▶ _DATA_

◆ ◆ ◆ ◆

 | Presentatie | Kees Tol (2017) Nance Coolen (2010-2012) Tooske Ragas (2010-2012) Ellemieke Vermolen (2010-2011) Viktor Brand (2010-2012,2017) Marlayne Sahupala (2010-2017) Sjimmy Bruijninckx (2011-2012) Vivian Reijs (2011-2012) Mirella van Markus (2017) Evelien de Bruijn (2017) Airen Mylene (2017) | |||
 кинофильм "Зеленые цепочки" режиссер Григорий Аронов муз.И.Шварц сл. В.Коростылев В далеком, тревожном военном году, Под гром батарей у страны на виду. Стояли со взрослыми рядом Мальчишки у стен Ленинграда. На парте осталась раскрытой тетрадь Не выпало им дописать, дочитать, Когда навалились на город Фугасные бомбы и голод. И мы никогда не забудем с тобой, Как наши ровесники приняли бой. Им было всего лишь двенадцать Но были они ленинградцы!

◆ ◆ ◆ ◆

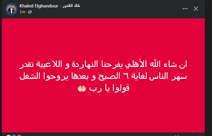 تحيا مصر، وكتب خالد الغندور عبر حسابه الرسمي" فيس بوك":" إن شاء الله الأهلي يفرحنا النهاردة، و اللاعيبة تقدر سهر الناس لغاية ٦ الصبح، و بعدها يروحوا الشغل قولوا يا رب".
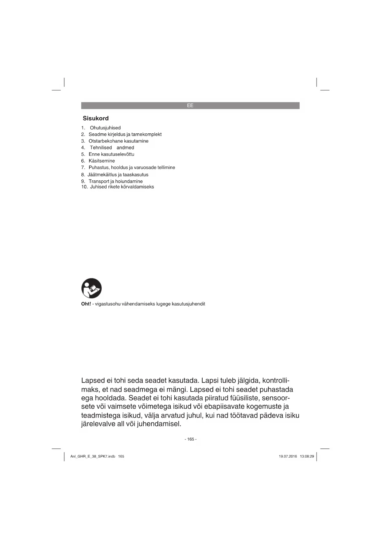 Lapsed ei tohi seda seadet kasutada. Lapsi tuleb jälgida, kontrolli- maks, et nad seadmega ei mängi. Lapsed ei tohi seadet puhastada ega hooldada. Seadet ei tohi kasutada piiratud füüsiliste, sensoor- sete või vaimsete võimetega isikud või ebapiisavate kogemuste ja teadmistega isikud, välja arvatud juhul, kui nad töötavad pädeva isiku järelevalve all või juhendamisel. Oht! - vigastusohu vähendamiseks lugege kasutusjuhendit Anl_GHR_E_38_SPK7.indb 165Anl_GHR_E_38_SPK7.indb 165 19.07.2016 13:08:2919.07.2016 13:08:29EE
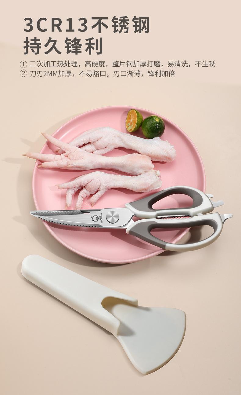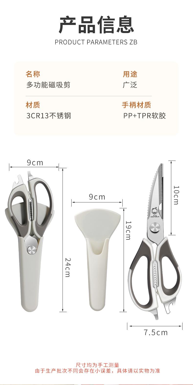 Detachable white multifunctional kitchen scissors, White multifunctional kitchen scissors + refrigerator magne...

◆ ◆ ◆ ◆

With the pictures omitted, copy exactly the lines of the listing above starting at the line containing "تحيا مصر، وكتب" and ending at the line containing "Detachable white multifunctional", both included.

▶ _RESPONSE TO THIS EXERCISE_
 تحيا مصر، وكتب خالد الغندور عبر حسابه الرسمي" فيس بوك":" إن شاء الله الأهلي يفرحنا النهاردة، و اللاعيبة تقدر سهر الناس لغاية ٦ الصبح، و بعدها يروحوا الشغل قولوا يا رب".
 Lapsed ei tohi seda seadet kasutada. Lapsi tuleb jälgida, kontrolli- maks, et nad seadmega ei mängi. Lapsed ei tohi seadet puhastada ega hooldada. Seadet ei tohi kasutada piiratud füüsiliste, sensoor- sete või vaimsete võimetega isikud või ebapiisavate kogemuste ja teadmistega isikud, välja arvatud juhul, kui nad töötavad pädeva isiku järelevalve all või juhendamisel. Oht! - vigastusohu vähendamiseks lugege kasutusjuhendit Anl_GHR_E_38_SPK7.indb 165Anl_GHR_E_38_SPK7.indb 165 19.07.2016 13:08:2919.07.2016 13:08:29EE
 Detachable white multifunctional kitchen scissors, White multifunctional kitchen scissors + refrigerator magne...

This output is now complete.